Search code examples
mahoutmahout-recommender

Apache Mahout Normalization Rating Dataset


It is possible to apply normalization rating data using mean-centering or z-score before I apply the rest of algorithm?

thank in advance


Solution

  • Are you trying to predict ratings or are your trying to recommend products for consumption?

    Very few uses of a recommender are really trying to predict ratings, they are usually trying to rank recommendations in the best way so they can show the top few. In which case using the log-likehood ratio works the best and it will ignore ratings since it calculates weights using a probabilistic method.

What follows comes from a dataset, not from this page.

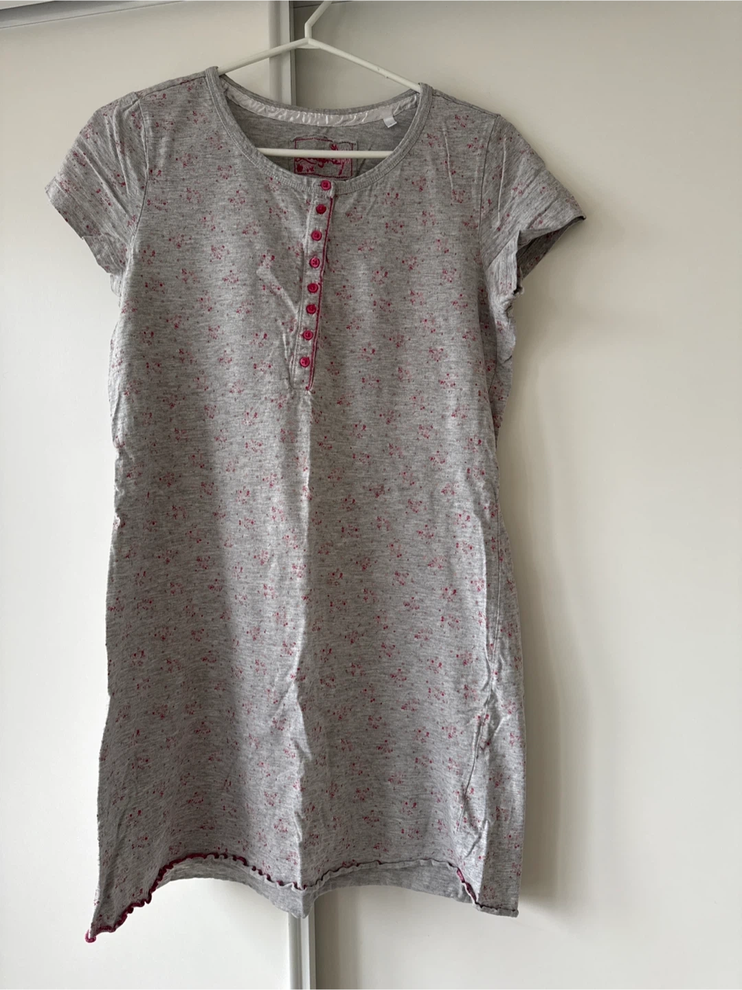 Cute grey nightdress with a pink floral pattern and pink button detailing. It's in great condition and ready for a new owner!

    If you have thumbs-down ratings mixed with thumbs-up ratings you need to decide what is unambiguously thumbs-up because you want to only recommend good things. For instance if you have a 1-5 star rating system it might be best to throw away all 1-3 ratings and only use 4-5. This seems counter-intuitive to some but really does produce better ranking. If you are looking at cross-validation offline tests make sure to use something like mean average precision--you want a precision measure since this measures ranking, don't use RMSE, which measures rating.

    If you are sure you want to predict ratings you can normalize each individuals ratings to fit in the same scale for all users but in the recommender don't use SIMILARITY_LOGLIKELIHOOD, use SIMILARITY_COSINE, which doesn't ignore preference weights. Then you can measure RMSE for cross-validation.